Book Review: Galeano’s Mirrors: Stories of Almost Everyone

Mirrors: Stories of Almost EveryoneMirrors: Stories of Almost Everyone by Eduardo Hughes Galeano

My rating: 4 of 5 stars

I read Eduardo Galeano’s Memory of Fire trilogy when I was in my late teens. I wore it with pride, as it seemed to represent a lot of what I wanted to be. As a young lefty, that someone had rewritten the history of the world from the view of the oppressed, had uncovered alternative narratives, and infused them with a passion for social justice, was a lovely gift. And politics aside, the amazing myth-telling from the first of trilogy, with the origins of the earth and peoples and languages, was poetic and magnificent.

Years later, I stumble upon ‘Mirrors’ in a used bookstore, and buy it, mostly through sentimentality! In a strange way, it seems a retelling of the original trilogy: it begins with origins of the world and ends somewhere in our modern day. Twenty-five years later and he is writing in a similar style about similar injustices. Because of this, I didn’t feel particularly engaged by the book, I’d dip in and out of it, enjoy the vignettes and poetry of it, but somehow in the last third, I was captured into the way he had grouped the vignettes into loose themes, how he would dance across continents before moving into another exploration.

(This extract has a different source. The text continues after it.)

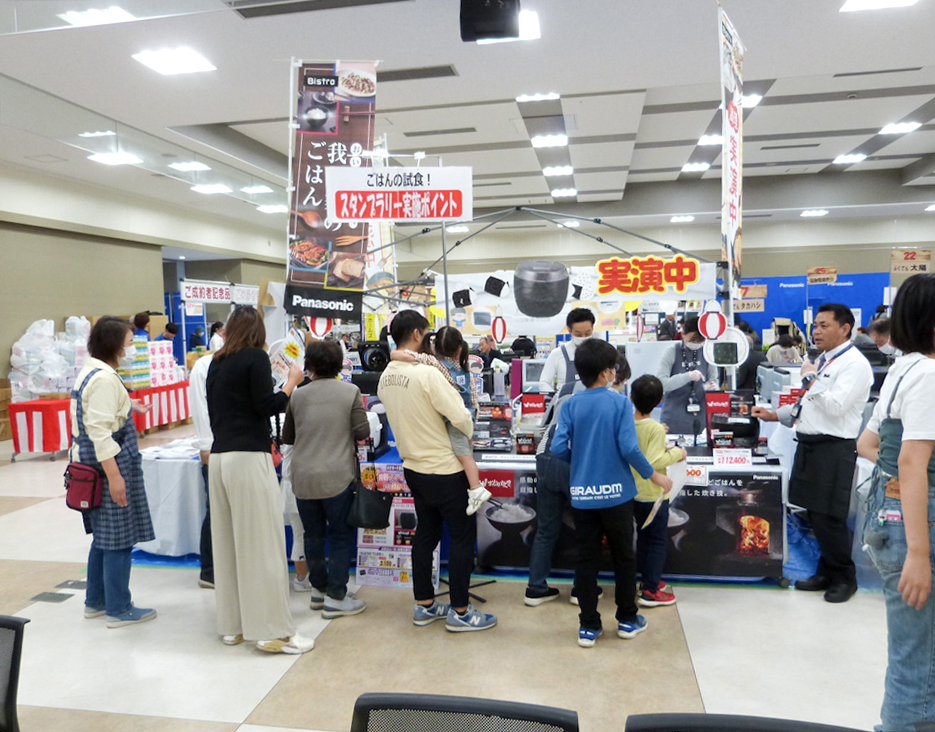 会場では、補聴器カーがかけつけていたほか、システムキッチンやバス、トイレなどのリフォーム商材も展示。中央には、炊飯器を使った新米、古米の炊き分けや、赤飯などの実演のほか、電子レンジによる調理や試食も行われた。

It really is a depressing telling though, this history of the world. I think it’s encapsulated for me in his vignette entitled ‘Only Human’ that occurs just after the halfway point of the book. ‘We puny humans:’ he begins, and then lists some of our traits, ‘exterminators of everything…ones who poison the water they drink… the only ones who kill for fun… who rape’. And then his list of positive characteristics is about half as long as those that were negative: ‘also/the only ones who laugh…daydream…find beauty in rubbish’.

And I’d think that this is what a reader will end up with in general: one-third inspired by his beautiful writing and impressed with his passion for uncovering the voices and histories of the oppressed; two-thirds depressed by the terrible machinations of the world.